How much is PHP susceptible to buffer Overflow attacks

You are viewing this site as a guest. Join our community to get your questions answered and share knowledge. Active members may advertise and ask for a website critique.

benf posted this at 15:02 — 7th July 2008.

They have: 317 posts

Joined: Feb 2005

I have heard that PHP is susceptible to buffer overflow attacks - is this true or is it due to unsecure php versions?

Would the latest PHP 5 version be susceptible to this type of attack?

Web Programming and Application Development

Greg K posted this at 15:22 — 7th July 2008.

He has: 1,664 posts

Joined: Nov 2003

This areticle was released recently: http://www.frsirt.com/english/advisories/2008/1412

A little older, and says to fix upgrade to a newer version: http://secunia.com/advisories/22653/

Older article, but from http://www.linuxdevcenter.com/pub/a/linux/2002/12/30/insecurities.html

PHP's wordwrap() function has a buffer overflow that may be exploitable to execute arbitrary code with the permissions of the user running the script. The buffer overflow is reported to affect versions of PHP between 4.1.2 and 4.3.0. Scripts that do not contain the wordwrap() function call are not affected by this buffer overflow.

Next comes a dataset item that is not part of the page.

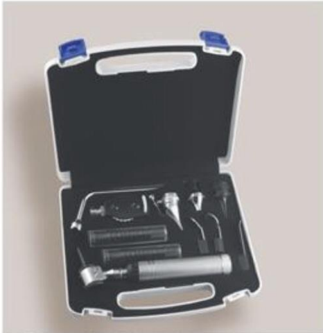
DS-5201-1 Universal Diagnostic Set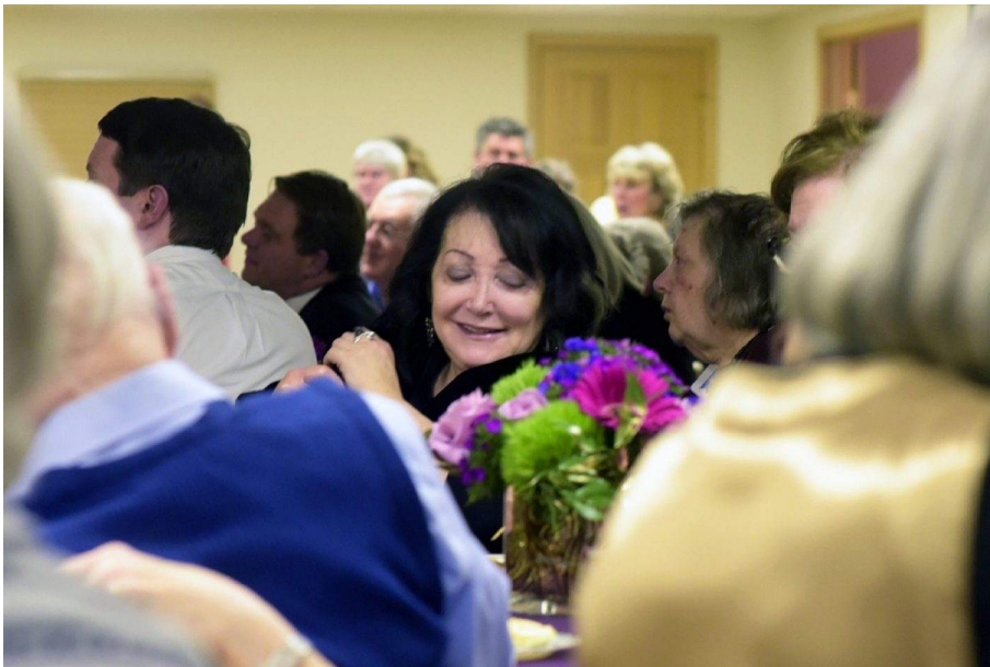
Enjoying the speakers

Affected users should upgrade to version 4.3.0 of PHP.

-Greg

[This space intentionally left blank]

Cool Geek Supplies: www.ThinkGeek.com

benf posted this at 15:47 — 7th July 2008.

They have: 317 posts

Joined: Feb 2005

Your link does not work - so it is just version? PHP5 does not have any of these flaws.

Very Good.

Greg K posted this at 16:16 — 7th July 2008.

He has: 1,664 posts

Joined: Nov 2003

The there was one in an older version of 5, but it said to upgrade to 5.20 to fix it.